> Task brief: Every line below from the one containing "2.8 ด้านการมีส่วนร่วมของชุมชน ได้แก่" through the one containing "2. ábra: Sérült agyprofil" is to be printed exactly, with the pictures omitted.

> Recorded information:
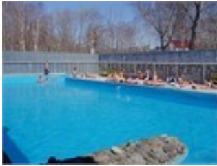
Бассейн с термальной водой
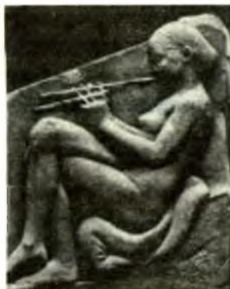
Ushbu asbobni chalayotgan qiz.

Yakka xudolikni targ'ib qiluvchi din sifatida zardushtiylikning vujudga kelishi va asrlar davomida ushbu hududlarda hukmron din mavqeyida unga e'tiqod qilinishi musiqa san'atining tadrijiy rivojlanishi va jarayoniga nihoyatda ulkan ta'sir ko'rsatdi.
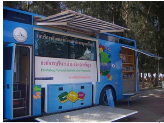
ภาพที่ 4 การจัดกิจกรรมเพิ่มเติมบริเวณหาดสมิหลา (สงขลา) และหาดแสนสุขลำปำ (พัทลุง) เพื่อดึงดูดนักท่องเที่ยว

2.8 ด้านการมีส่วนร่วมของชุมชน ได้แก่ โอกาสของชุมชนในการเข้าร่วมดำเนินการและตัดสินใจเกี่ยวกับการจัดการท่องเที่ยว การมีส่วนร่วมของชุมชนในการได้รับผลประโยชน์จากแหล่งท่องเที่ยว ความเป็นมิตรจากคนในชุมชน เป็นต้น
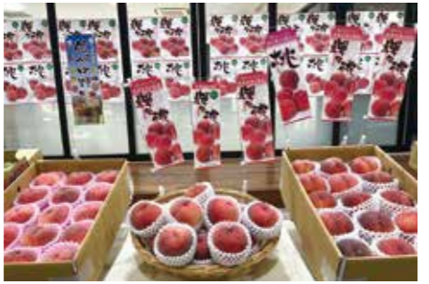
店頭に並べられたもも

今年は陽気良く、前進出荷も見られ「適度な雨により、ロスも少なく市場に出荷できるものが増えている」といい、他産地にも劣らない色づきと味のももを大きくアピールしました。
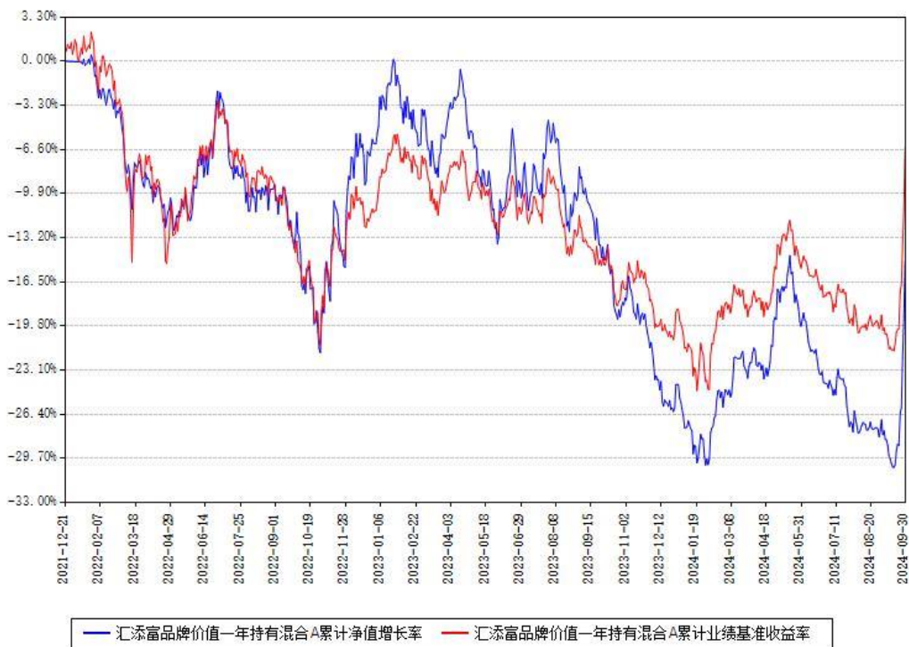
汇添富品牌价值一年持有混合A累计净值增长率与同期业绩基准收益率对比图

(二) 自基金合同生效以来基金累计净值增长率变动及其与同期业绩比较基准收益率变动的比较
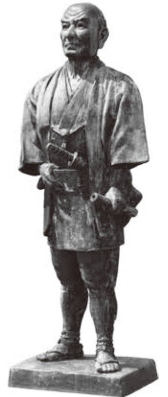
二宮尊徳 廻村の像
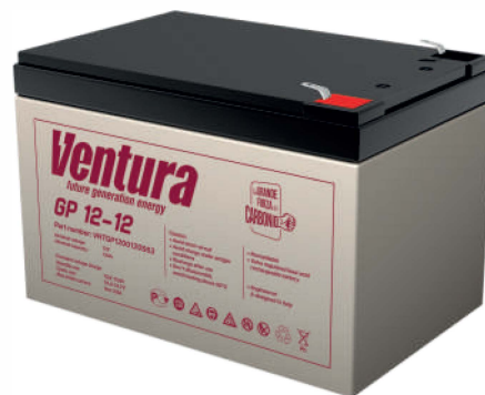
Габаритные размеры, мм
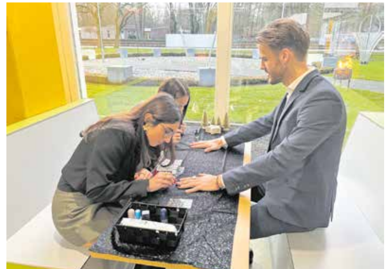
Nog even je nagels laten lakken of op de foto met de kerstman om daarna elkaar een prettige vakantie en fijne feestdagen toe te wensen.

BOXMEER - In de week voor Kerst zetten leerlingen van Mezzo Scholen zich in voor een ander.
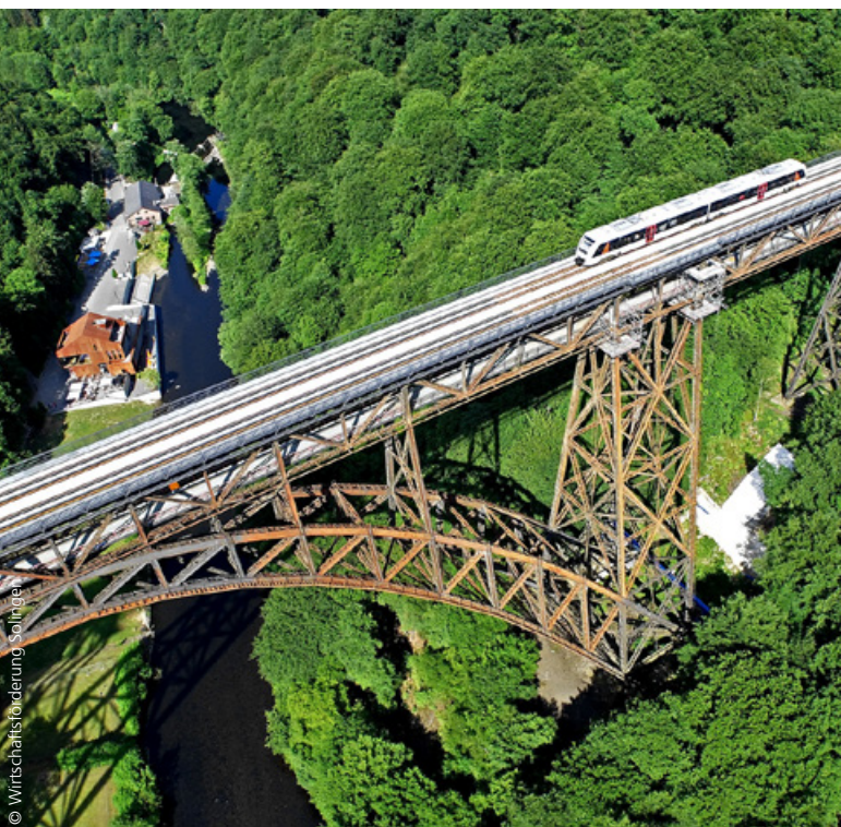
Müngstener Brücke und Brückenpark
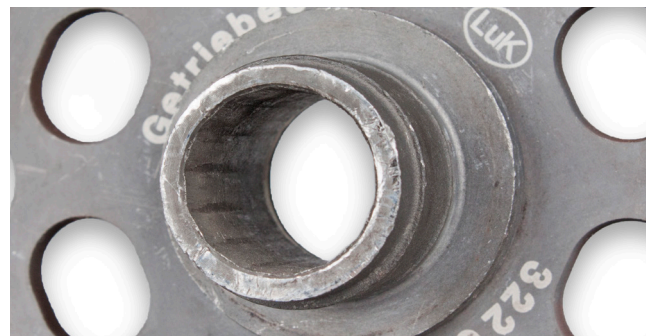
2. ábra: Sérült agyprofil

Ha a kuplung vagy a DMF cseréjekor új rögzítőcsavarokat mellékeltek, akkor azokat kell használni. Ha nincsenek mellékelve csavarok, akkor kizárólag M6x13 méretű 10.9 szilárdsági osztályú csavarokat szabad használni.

> Expected answer:
2.8 ด้านการมีส่วนร่วมของชุมชน ได้แก่ โอกาสของชุมชนในการเข้าร่วมดำเนินการและตัดสินใจเกี่ยวกับการจัดการท่องเที่ยว การมีส่วนร่วมของชุมชนในการได้รับผลประโยชน์จากแหล่งท่องเที่ยว ความเป็นมิตรจากคนในชุมชน เป็นต้น
店頭に並べられたもも

今年は陽気良く、前進出荷も見られ「適度な雨により、ロスも少なく市場に出荷できるものが増えている」といい、他産地にも劣らない色づきと味のももを大きくアピールしました。
汇添富品牌价值一年持有混合A累计净值增长率与同期业绩基准收益率对比图

(二) 自基金合同生效以来基金累计净值增长率变动及其与同期业绩比较基准收益率变动的比较
二宮尊徳 廻村の像
Габаритные размеры, мм
Nog even je nagels laten lakken of op de foto met de kerstman om daarna elkaar een prettige vakantie en fijne feestdagen toe te wensen.

BOXMEER - In de week voor Kerst zetten leerlingen van Mezzo Scholen zich in voor een ander.
Müngstener Brücke und Brückenpark
2. ábra: Sérült agyprofil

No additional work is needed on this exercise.